-- What is being asked --
Without copying any picture, transcribe exactly the lines of the data below from the one containing "5月21日,阿里大文娱集团宣" through the one containing "동안 아이들이 즐겁게".

-- Dataset records --
::::::
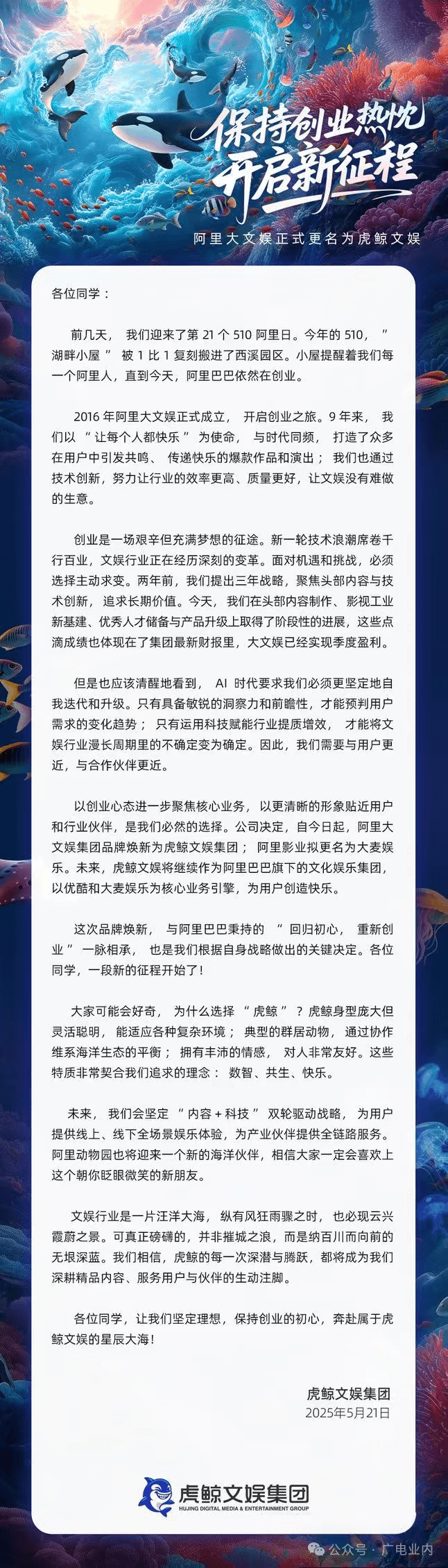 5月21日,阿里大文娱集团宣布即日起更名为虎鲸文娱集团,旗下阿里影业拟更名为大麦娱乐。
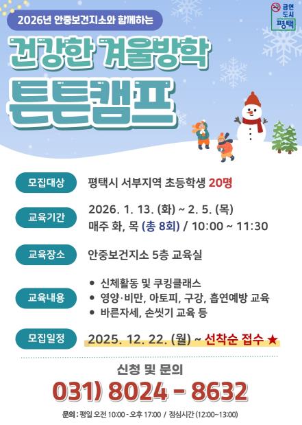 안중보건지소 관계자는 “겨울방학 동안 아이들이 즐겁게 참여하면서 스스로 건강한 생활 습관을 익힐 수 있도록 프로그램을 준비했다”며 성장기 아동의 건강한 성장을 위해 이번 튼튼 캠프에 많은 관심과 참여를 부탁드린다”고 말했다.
::::::
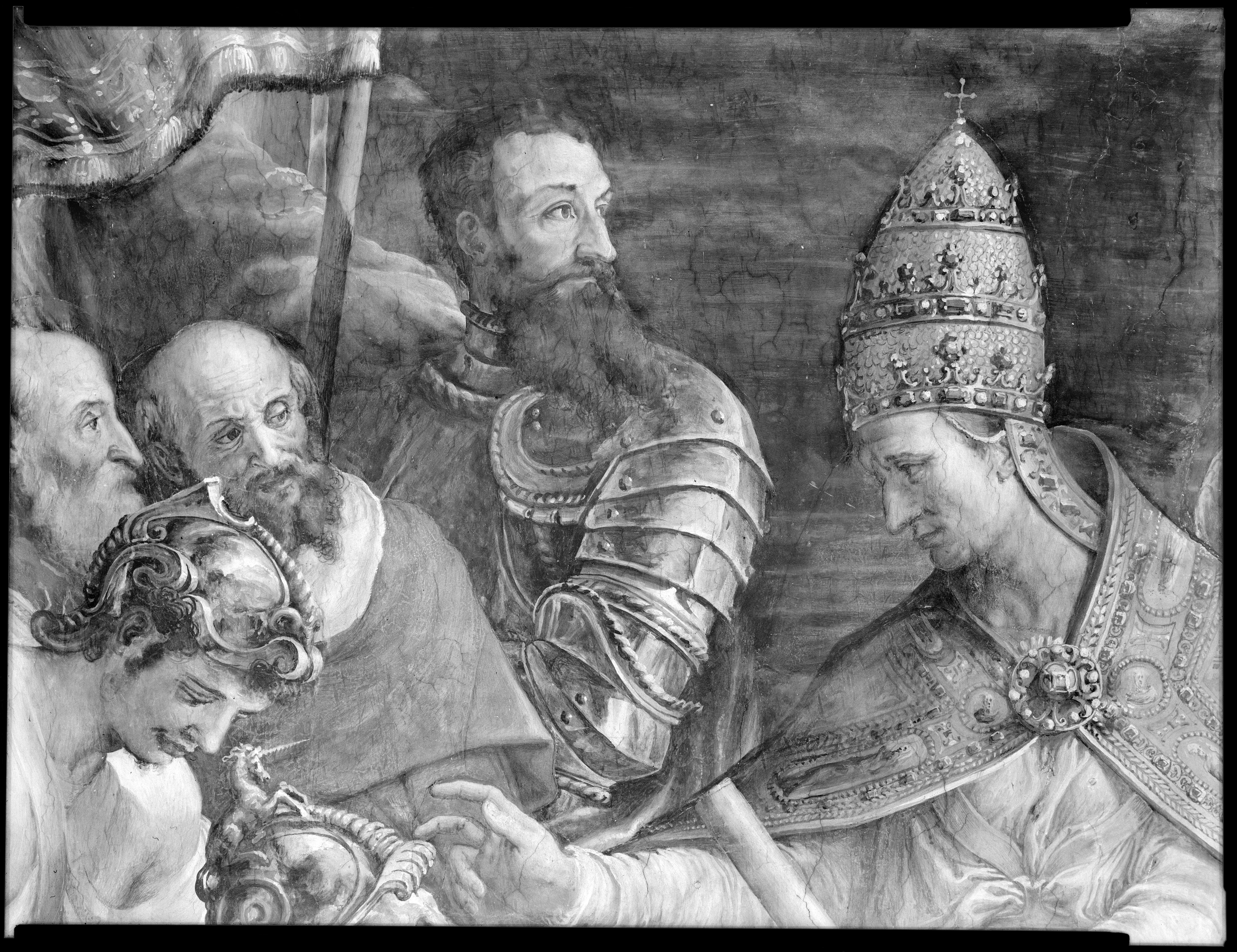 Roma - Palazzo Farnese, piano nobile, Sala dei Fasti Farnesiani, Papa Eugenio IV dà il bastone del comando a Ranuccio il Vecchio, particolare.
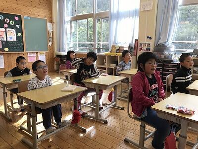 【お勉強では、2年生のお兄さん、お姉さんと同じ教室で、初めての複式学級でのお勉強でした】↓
::::::
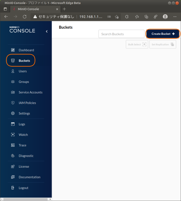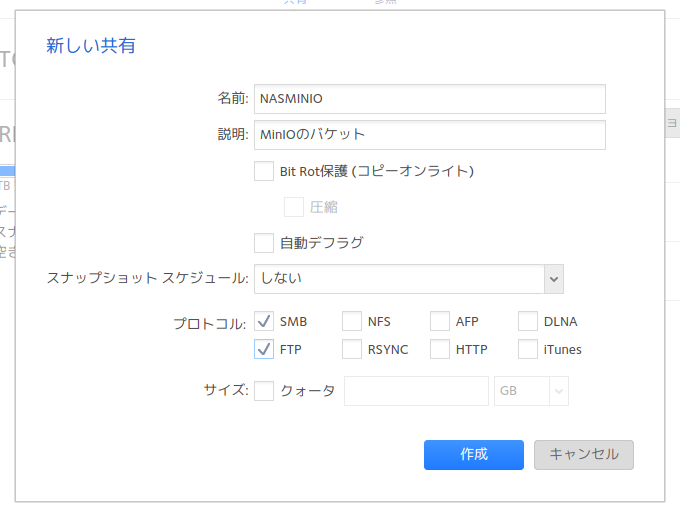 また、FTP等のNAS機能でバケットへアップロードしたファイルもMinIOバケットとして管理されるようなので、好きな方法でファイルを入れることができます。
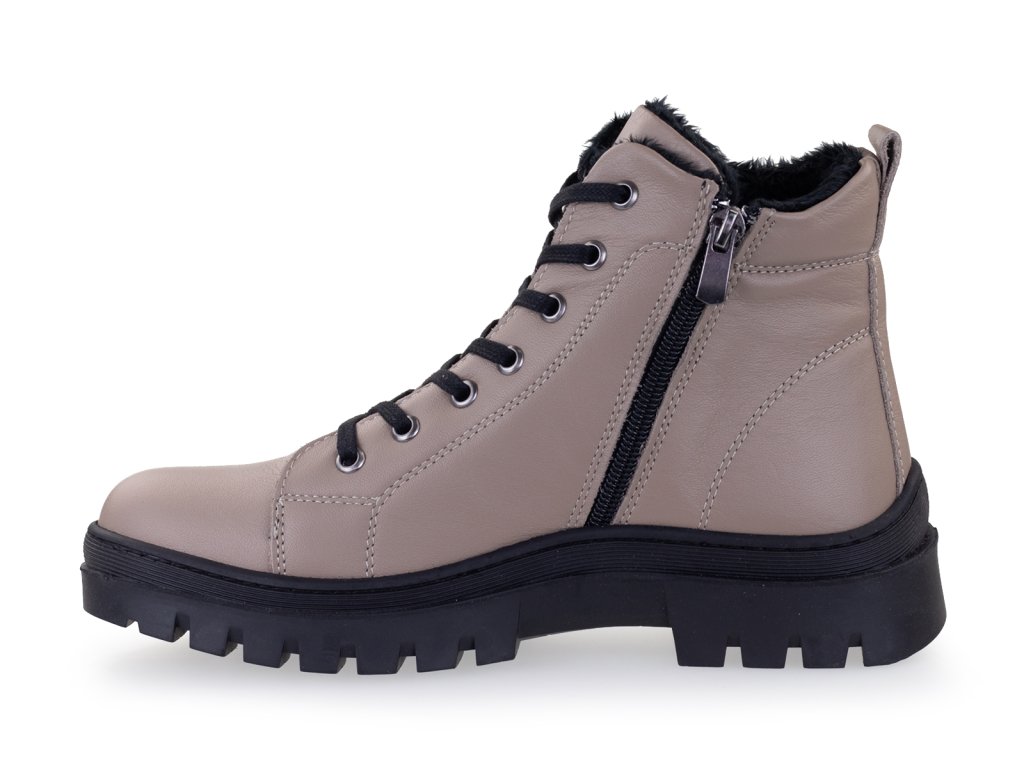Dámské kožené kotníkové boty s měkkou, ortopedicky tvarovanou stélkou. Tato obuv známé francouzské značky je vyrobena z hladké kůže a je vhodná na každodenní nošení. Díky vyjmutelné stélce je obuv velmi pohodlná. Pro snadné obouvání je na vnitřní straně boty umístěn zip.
::::::
-- Worked solution --
 5月21日,阿里大文娱集团宣布即日起更名为虎鲸文娱集团,旗下阿里影业拟更名为大麦娱乐。
 안중보건지소 관계자는 “겨울방학 동안 아이들이 즐겁게 참여하면서 스스로 건강한 생활 습관을 익힐 수 있도록 프로그램을 준비했다”며 성장기 아동의 건강한 성장을 위해 이번 튼튼 캠프에 많은 관심과 참여를 부탁드린다”고 말했다.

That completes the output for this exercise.